Parsimony. Prefer the simplest model that adequately captures the patterns in the data. Simpler models are easier to interpret, less prone to overfitting, and more likely to generalize to new data. The goal is not to oversimplify but to avoid unnecessary complexity — a linear regression that explains 85% of variance is often more useful than a neural network that explains 88% but cannot be explained to stakeholders (Molnar 2022).

Generalizability. A model’s true test is its performance on data it has never seen. A model that fits the training data perfectly but fails on new data has overfit — it learned the noise in the training data rather than the underlying signal. The tension between fitting the data well and generalizing to new data is the central challenge of model building.

9.5.2 The Training Process

Model training is the process of fitting a model to historical data so it can learn the underlying patterns (Kelleher et al. 2015). The key steps are:

1. Split the data into training and test sets. A common split is 80% training, 20% test. The test set is held back and never used during training.
2. Select features — the input variables the model will use. Feature selection and engineering can significantly impact performance.
3. Choose an algorithm appropriate to the problem: linear regression for continuous outcomes, logistic regression for binary outcomes, decision trees or random forests for complex nonlinear patterns.
4. Tune hyperparameters — settings that control the learning process (e.g., the regularization strength in a regression, the depth of a decision tree). This is typically done using cross-validation on the training set.
5. Fit the model to the training data, allowing it to adjust its parameters to minimize prediction error.
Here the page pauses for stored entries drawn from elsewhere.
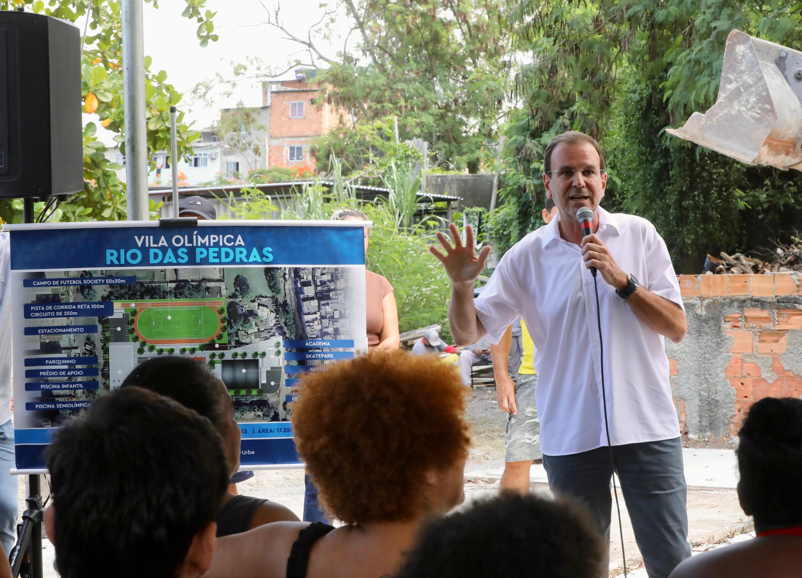O prefeito do Rio, Eduardo Paes, participou, nesta quarta-feira (25/2), do início da construção da Vila Olímpica de Rio das Pedras, na Zona Sudoeste. Com investimento de R$ 28,9 milhões, o novo equipamento público ocupará uma área de 18 mil metros quadrados e será destinado à promoção do esporte, da inclusão social e da qualidade de vida da população.
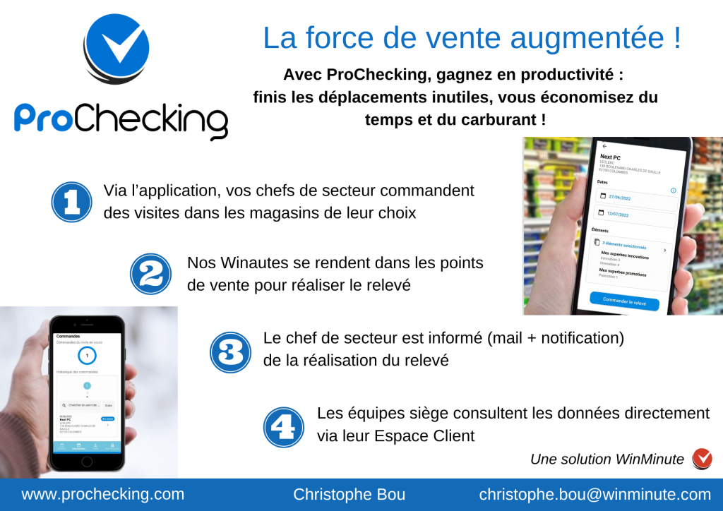 Avec ProChecking, les chefs de secteur délèguent à notre communauté de Winautes Conso les visites de store-check. Via notre application, ils commandent des visites dans les magasins de leur choix, choisissent les informations qu’ils souhaitent recueillir et la date des visites. Les Winautes se rendent alors dans les points de vente demandés pour réaliser le relevé.
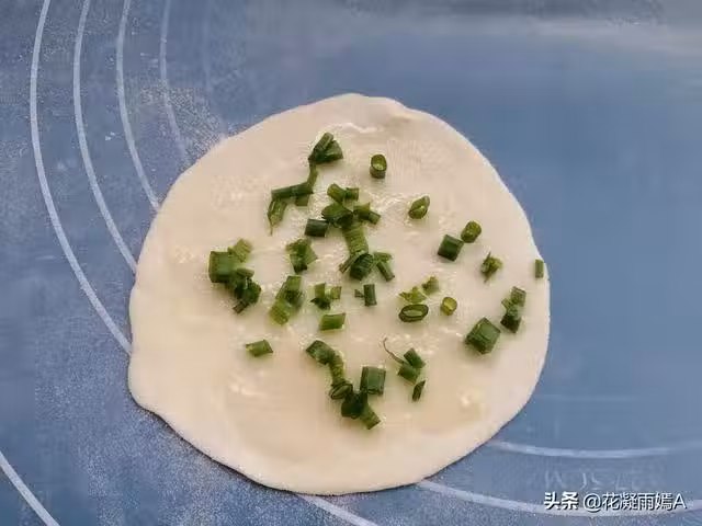 第四步:取一個擀好的餃子皮,撒上點鹽,鹽的話不用每層都放,隔兩層放一點就行,不然沒有鹹味吃起來會膩,然後在塗抹上油酥撒上香蔥碎,油酥也是隔兩層塗抹一次,其他直接刷油就行,要是嫌麻煩,可以全部刷油。
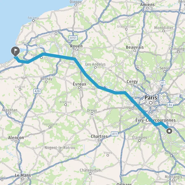 Continuer E46 (L'Autoroute de Normandie) sur 34 kilomètres
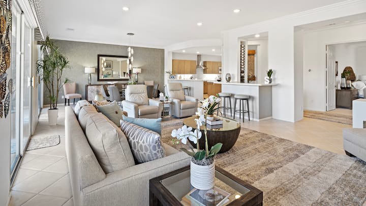 房子干净整洁,位于街角,私密性好。 娱乐设施非常好,有台球桌和乒乓球桌。 露台配备了所有便利设施。 Kevin和Greg快速回答了我们提出的任何问题。 这栋房子非常适合8-10人放松身心,玩得开心!
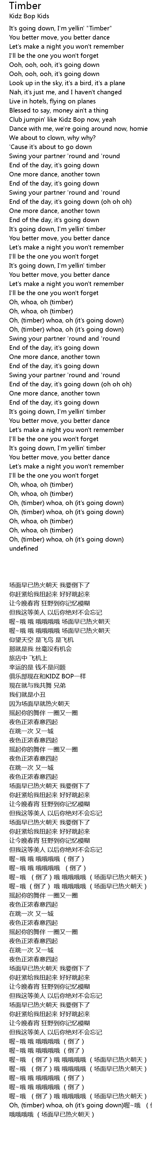 It's going down, I'm yellin' "Timber" |
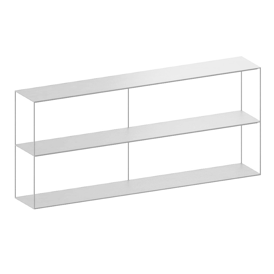 Slim Irony Sideboard se compose d'une structure en tréfilé plein d'acier 8 x 8 mm et étagères en tôle épaisseur 2 mm, peinture aux poudres époxy noire cuivrée, nouvelle version sablée, ou blanc gaufré. Espace utile entre les étagères 40 cm.
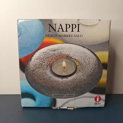 Iittala Nappi kynttilänjalka, halkaisija 125 mm, väri punainen. Käytetty ehkä osti kertaa, muuten säilytetty laatikossaan.
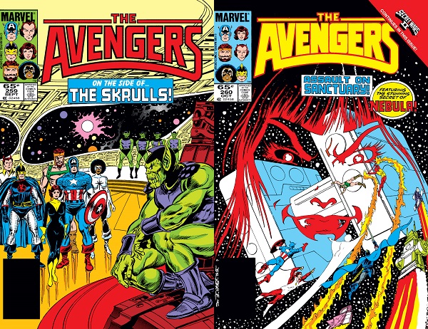 In the end, the Beyonder shows up—this issue is a Secret Wars II tie-in, after all—and disposes of Nebula and her lackeys, leaving the Avengers to have another adventure with the Skrulls in Avengers Annual #14, covered in the next post.

9.5.3 Overfitting and Underfitting

Overfitting occurs when a model is too complex for the data — it memorizes the training set, including its noise, and performs poorly on new data. Underfitting occurs when a model is too simple — it fails to capture the real patterns. The goal is the sweet spot between these extremes.
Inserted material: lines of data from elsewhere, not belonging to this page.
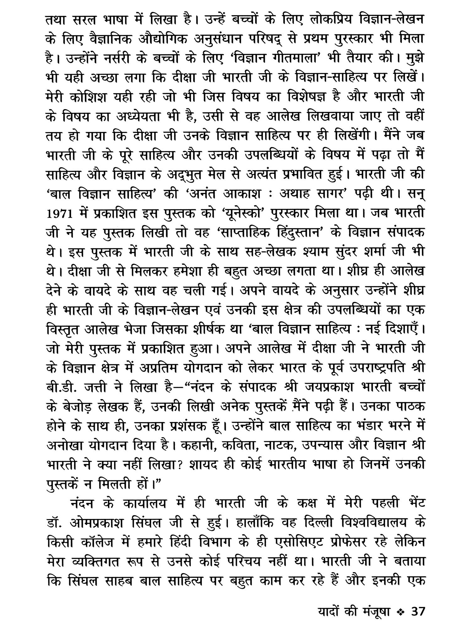जब आप जयप्रकाश भारती जी से मिलोगे तो पाओगे कि सौम्य और सरल भारती जी का हृदय सचमुच बाल सरलता का प्रतीक था। विज्ञान के विद्यार्थी होने के साथ-साथ उनके हिंदी साहित्य और हिंदी भाषा पर आश्चर्यजनक अधिकार ने मुझे भीतर तक प्रभावित किया था। भारती जी ने मुझे अपनी पुस्तक 'हिंदी साहित्य की सौ श्रेष्ठ पुस्तकें' दी। मैंने पुस्तक के पृष्ठ पलटते हुए एक नजर में देख डाली। उन्होंने मुझसे कहा कि मैं अब हिंदी बाल साहित्य की सौ श्रेष्ठ पुस्तकें लिखूँ। मैंने कहा कि मैं इतना बड़ा काम नहीं कर पाऊँगी। पुस्तकों का संग्रह फिर उन्हें आद्योपांत पढ़ना और फिर सौ श्रेष्ठ पुस्तकों का चयन। भारती जी ने कहा कि पुस्तकें हम आपको उपलब्ध करा देंगे। जो हमारे पास हैं वे मैं आपको दे दूँगा। कुछ प्रकाश मनु जी दे देंगे और राष्ट्रबंधु जी तो हैं ही। सबके साझे सहयोग से वह कार्य वर्षों में पूरा हुआ। अस्वस्थता के चलते सौ तो नहीं 'हिंदी बाल साहित्य की 75 श्रेष्ठ पुस्तकें' ही कर पाई।
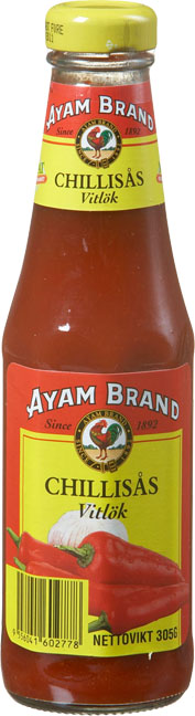 Ayams heta chilisås med smak av vitlök passar mycket bra i en wok eller varför inte som dippsås?
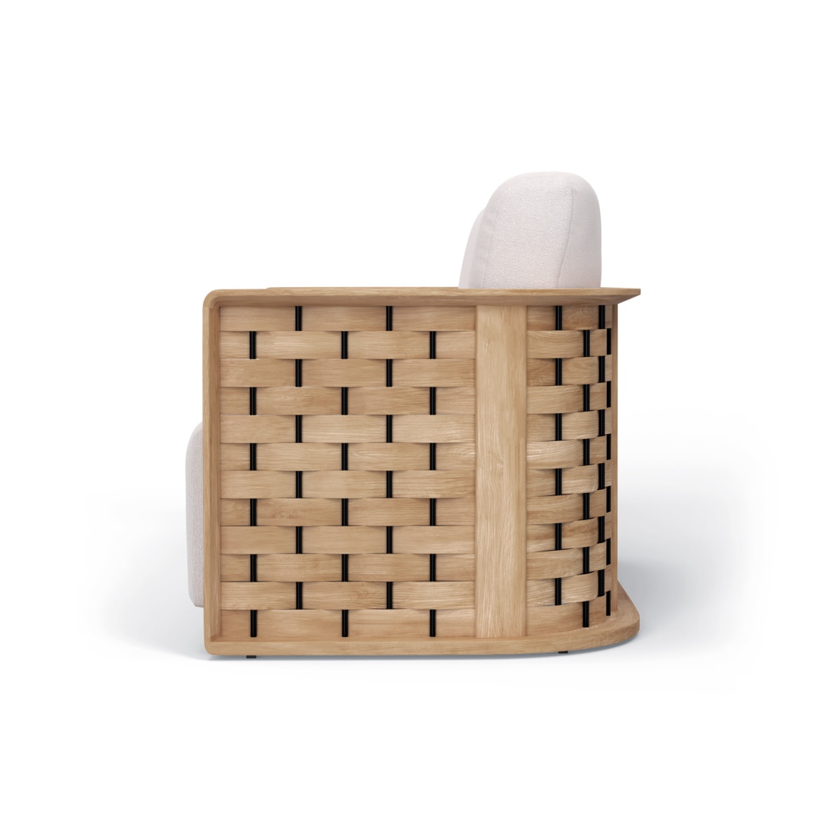 The Soven Collection epitomizes the idea of merging artisanal craftsmanship with modern methods, when tradition and technology work harmoniously in tandem. The sofa and lounge chairs of the collection use macro-scale engineered laminated teak veneers woven in “warp-and-weft” of traditional weaving technique to bring about the inviting “cocoon” like harmonious shapes onto the solid teak frames. Generous proportions of the cushions are used to ensure maximum support and comfort.
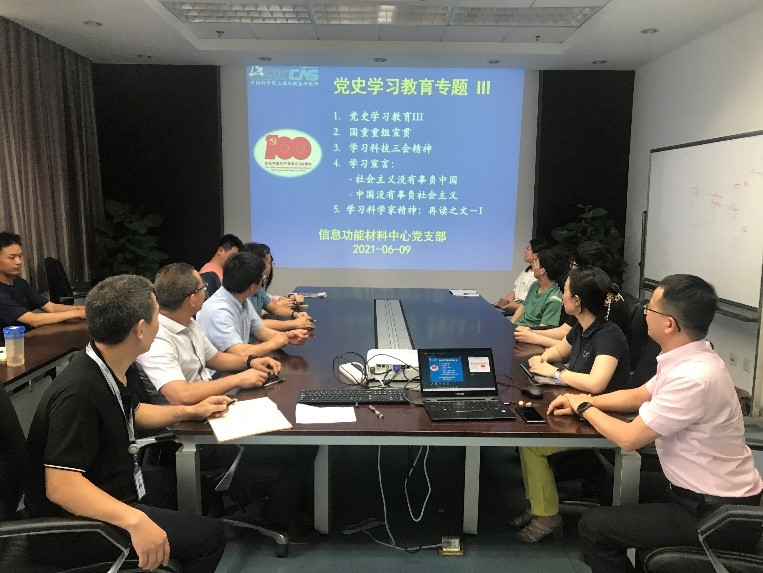 6月9日,中国科学院上海硅酸盐研究所信息功能材料与器件研究中心党支部开展党史学习教育“改革开放新时期历史”专题学习,支部党员及中心研究生党员等20余人参加了此次学习,学习活动由党支部书记曾华荣主持。
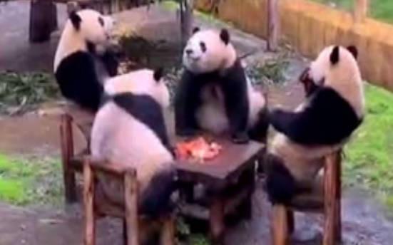 北京時間3月12日一則關于大熊貓的視頻迅速火遍全網,只見視頻中4只大熊貓圍坐在一張桌子上吃美味的食物,視頻一經發布就迅速引起了網友之間的熱烈討論。

A practical demonstration with mtcars:

# Split data into training (80%) and test (20%)
set.seed(42)
n <- nrow(mtcars)
train_idx <- sample(1:n, size = floor(0.8 * n))
train_data <- mtcars[train_idx, ]
test_data <- mtcars[-train_idx, ]

# Fit a simple linear model: MPG predicted by weight
simple_model <- lm(mpg ~ wt, data = train_data)

# Fit a more complex model: MPG predicted by all variables
complex_model <- lm(mpg ~ ., data = train_data)

# Compare model performance
simple_pred <- predict(simple_model, test_data)
complex_pred <- predict(complex_model, test_data)

data.frame(
  Model = c("Simple (mpg ~ wt)", "Complex (mpg ~ all)"),
  R2_Training = c(summary(simple_model)$r.squared,
                  summary(complex_model)$r.squared) |> round(3),
  RMSE_Test = c(sqrt(mean((test_data$mpg - simple_pred)^2)),
                sqrt(mean((test_data$mpg - complex_pred)^2))) |> round(2)
)

Model	R2_Training	RMSE_Test
Simple (mpg ~ wt)	0.776	4.08
Complex (mpg ~ all)	0.902	4.88

The complex model will typically have a higher R² on the training data but may have a similar or worse RMSE on the test data — a classic illustration of why parsimony matters.